- Opening Delimiter -

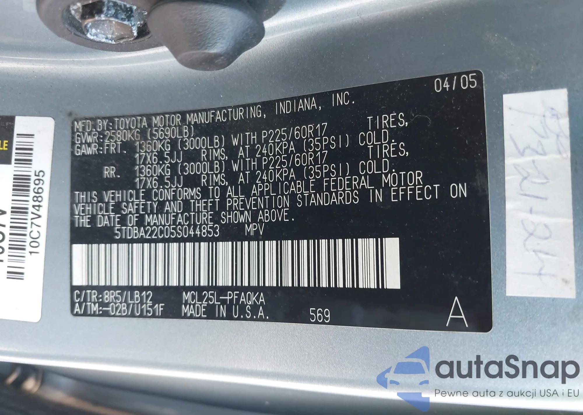 The car Toyota Sienna 2005 (VIN 5TDBA22C05S044853) has not been auctioned before. The documents are clean, and the mileage matches or is below the market average. Sold by an insurance company – we recommend purchase. Delivery to the port will take approx. 6–8 weeks.
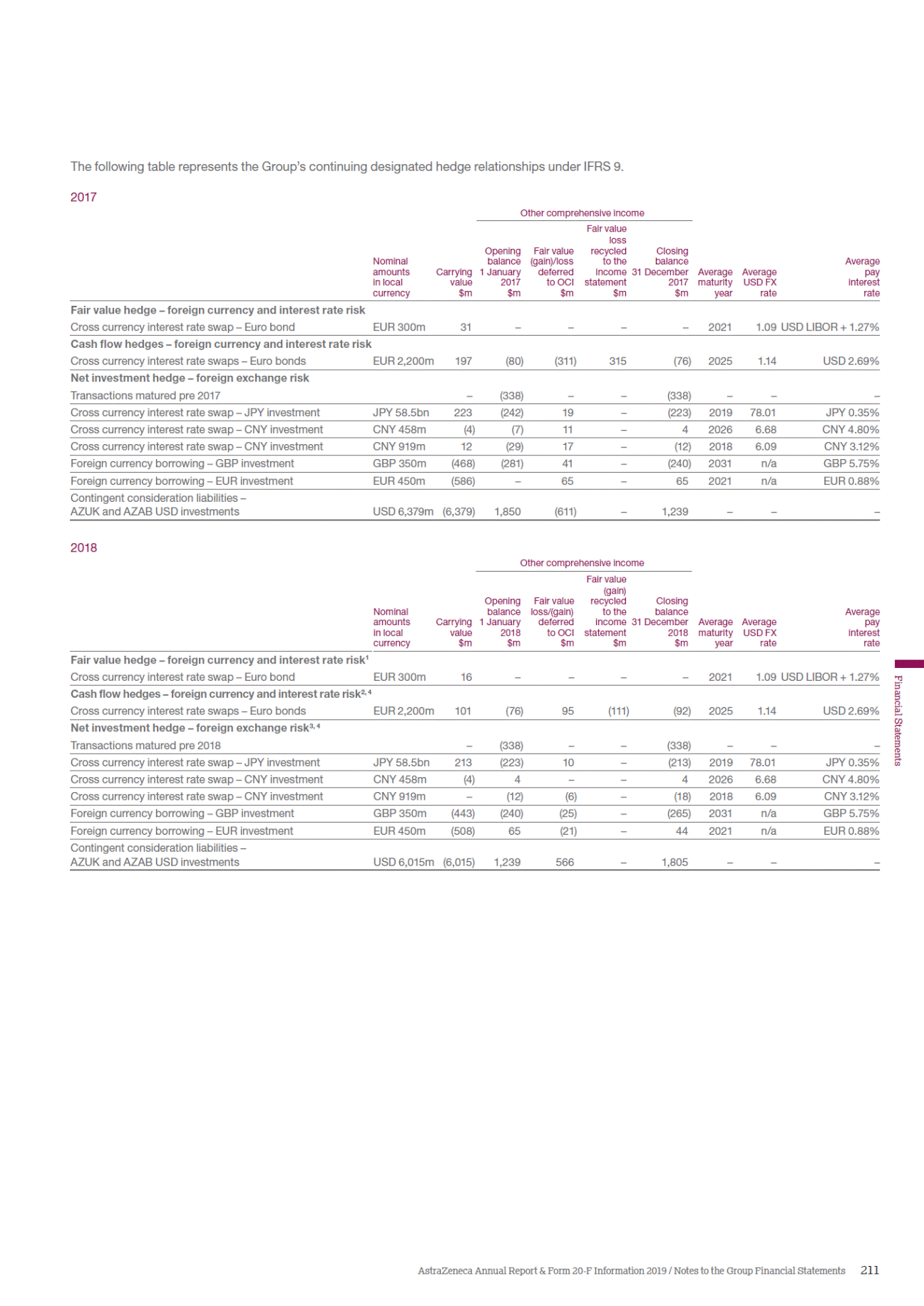 The following table represents the Group’s continuing designated hedge relationships under IFRS 9. 2017 Other comprehensive income Fair value loss recycled to the Opening balance Carrying 1 January Fair value (gain)/loss deferred to OCI $m Closing balance Nominal amounts in local currency Average pay interest rate income 31 December Average maturity year Average USD FX rate value $m 2017 $m statement 2017 $m $m Fair value hedge – foreign currency and interest rate risk Cross currency interest rate swap – Euro bond EUR 300m 31 – – – – 2021 1.09 USD LIBOR + 1.27% Cash flow hedges – foreign currency and interest rate risk Cross currency interest rate swaps – Euro bonds EUR 2,200m 197 (80) (311) 315 (76) 2025 1.14 USD 2.69% Net investment hedge – foreign exchange risk Transactions matured pre 2017 – (338) – – (338) – – – Cross currency interest rate swap – JPY investment JPY 58.5bn 223 (242) 19 – (223) 2019 78.01 JPY 0.35% Cross currency interest rate swap – CNY investment CNY 458m (4) (7) 11 – 4 2026 6.68 CNY 4.80% Cross currency interest rate swap – CNY investment CNY 919m 12 (29) 17 – (12) 2018 6.09 CNY 3.12% Foreign currency borrowing – GBP investment GBP 350m (468) (281) 41 – (240) 2031 n/a GBP 5.75% Foreign currency borrowing – EUR investment EUR 450m (586) – 65 – 65 2021 n/a EUR 0.88% Contingent consideration liabilities – AZUK and AZAB USD investments USD 6,379m (6,379) 1,850 (611) – 1,239 – – – 2018 Other comprehensive income Fair value (gain) recycled to the Opening balance Carrying 1 January Fair value loss/(gain) deferred to OCI $m Closing balance Nominal amounts in local currency Average pay interest rate income 31 December Average maturity year Average USD FX rate value $m 2018 $m statement 2018 $m $m Fair value hedge – foreign currency and interest rate risk1 Cross currency interest rate swap – Euro bond EUR 300m 16 – – – – 2021 1.09 USD LIBOR + 1.27% Cash flow hedges – foreign currency and interest rate risk2, 4 Cross currency interest rate swaps – Euro bonds EUR 2,200m 101 (76) 95 (111) (92) 2025 1.14 USD 2.69% Net investment hedge – foreign exchange risk3, 4 Transactions matured pre 2018 – (338) – – (338) – – – Cross currency interest rate swap – JPY investment JPY 58.5bn 213 (223) 10 – (213) 2019 78.01 JPY 0.35% Cross currency interest rate swap – CNY investment CNY 458m (4) 4 – – 4 2026 6.68 CNY 4.80% Cross currency interest rate swap – CNY investment CNY 919m – (12) (6) – (18) 2018 6.09 CNY 3.12% Foreign currency borrowing – GBP investment GBP 350m (443) (240) (25) – (265) 2031 n/a GBP 5.75% Foreign currency borrowing – EUR investment EUR 450m (508) 65 (21) – 44 2021 n/a EUR 0.88% Contingent consideration liabilities – AZUK and AZAB USD investments USD 6,015m (6,015) 1,239 566 – 1,805 – – – AstraZeneca Annual Report & Form 20-F Information 2019 / Notes to the Group Financial Statements 211 Financial Statements
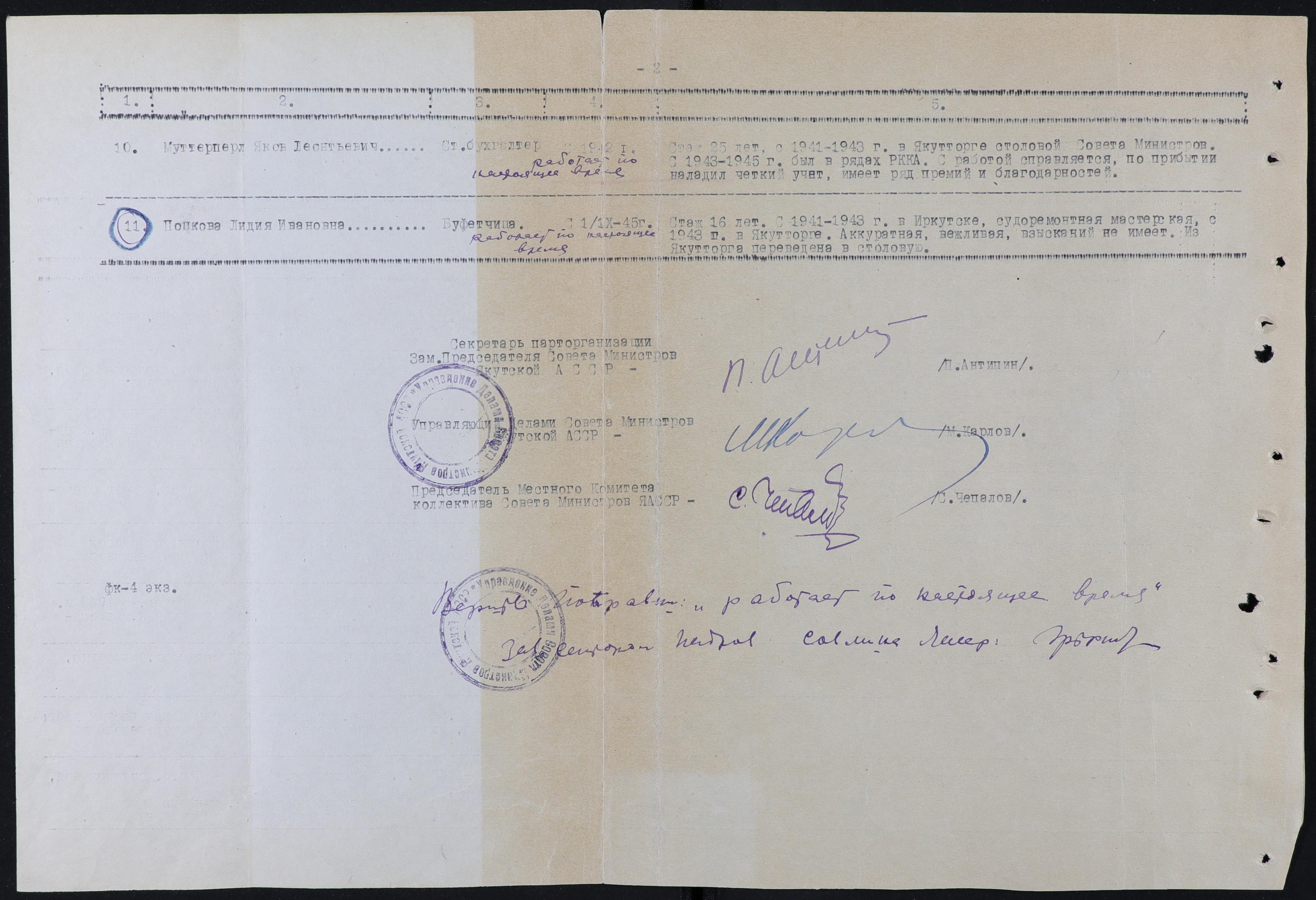 Источник: Национальный архив РС (Я). Ф.50. Оп.60. Д.75. Л. 111

- Closing Delimiter -

Write out all the material above exactly, with no image carried over.

 The car Toyota Sienna 2005 (VIN 5TDBA22C05S044853) has not been auctioned before. The documents are clean, and the mileage matches or is below the market average. Sold by an insurance company – we recommend purchase. Delivery to the port will take approx. 6–8 weeks.
 The following table represents the Group’s continuing designated hedge relationships under IFRS 9. 2017 Other comprehensive income Fair value loss recycled to the Opening balance Carrying 1 January Fair value (gain)/loss deferred to OCI $m Closing balance Nominal amounts in local currency Average pay interest rate income 31 December Average maturity year Average USD FX rate value $m 2017 $m statement 2017 $m $m Fair value hedge – foreign currency and interest rate risk Cross currency interest rate swap – Euro bond EUR 300m 31 – – – – 2021 1.09 USD LIBOR + 1.27% Cash flow hedges – foreign currency and interest rate risk Cross currency interest rate swaps – Euro bonds EUR 2,200m 197 (80) (311) 315 (76) 2025 1.14 USD 2.69% Net investment hedge – foreign exchange risk Transactions matured pre 2017 – (338) – – (338) – – – Cross currency interest rate swap – JPY investment JPY 58.5bn 223 (242) 19 – (223) 2019 78.01 JPY 0.35% Cross currency interest rate swap – CNY investment CNY 458m (4) (7) 11 – 4 2026 6.68 CNY 4.80% Cross currency interest rate swap – CNY investment CNY 919m 12 (29) 17 – (12) 2018 6.09 CNY 3.12% Foreign currency borrowing – GBP investment GBP 350m (468) (281) 41 – (240) 2031 n/a GBP 5.75% Foreign currency borrowing – EUR investment EUR 450m (586) – 65 – 65 2021 n/a EUR 0.88% Contingent consideration liabilities – AZUK and AZAB USD investments USD 6,379m (6,379) 1,850 (611) – 1,239 – – – 2018 Other comprehensive income Fair value (gain) recycled to the Opening balance Carrying 1 January Fair value loss/(gain) deferred to OCI $m Closing balance Nominal amounts in local currency Average pay interest rate income 31 December Average maturity year Average USD FX rate value $m 2018 $m statement 2018 $m $m Fair value hedge – foreign currency and interest rate risk1 Cross currency interest rate swap – Euro bond EUR 300m 16 – – – – 2021 1.09 USD LIBOR + 1.27% Cash flow hedges – foreign currency and interest rate risk2, 4 Cross currency interest rate swaps – Euro bonds EUR 2,200m 101 (76) 95 (111) (92) 2025 1.14 USD 2.69% Net investment hedge – foreign exchange risk3, 4 Transactions matured pre 2018 – (338) – – (338) – – – Cross currency interest rate swap – JPY investment JPY 58.5bn 213 (223) 10 – (213) 2019 78.01 JPY 0.35% Cross currency interest rate swap – CNY investment CNY 458m (4) 4 – – 4 2026 6.68 CNY 4.80% Cross currency interest rate swap – CNY investment CNY 919m – (12) (6) – (18) 2018 6.09 CNY 3.12% Foreign currency borrowing – GBP investment GBP 350m (443) (240) (25) – (265) 2031 n/a GBP 5.75% Foreign currency borrowing – EUR investment EUR 450m (508) 65 (21) – 44 2021 n/a EUR 0.88% Contingent consideration liabilities – AZUK and AZAB USD investments USD 6,015m (6,015) 1,239 566 – 1,805 – – – AstraZeneca Annual Report & Form 20-F Information 2019 / Notes to the Group Financial Statements 211 Financial Statements
 Источник: Национальный архив РС (Я). Ф.50. Оп.60. Д.75. Л. 111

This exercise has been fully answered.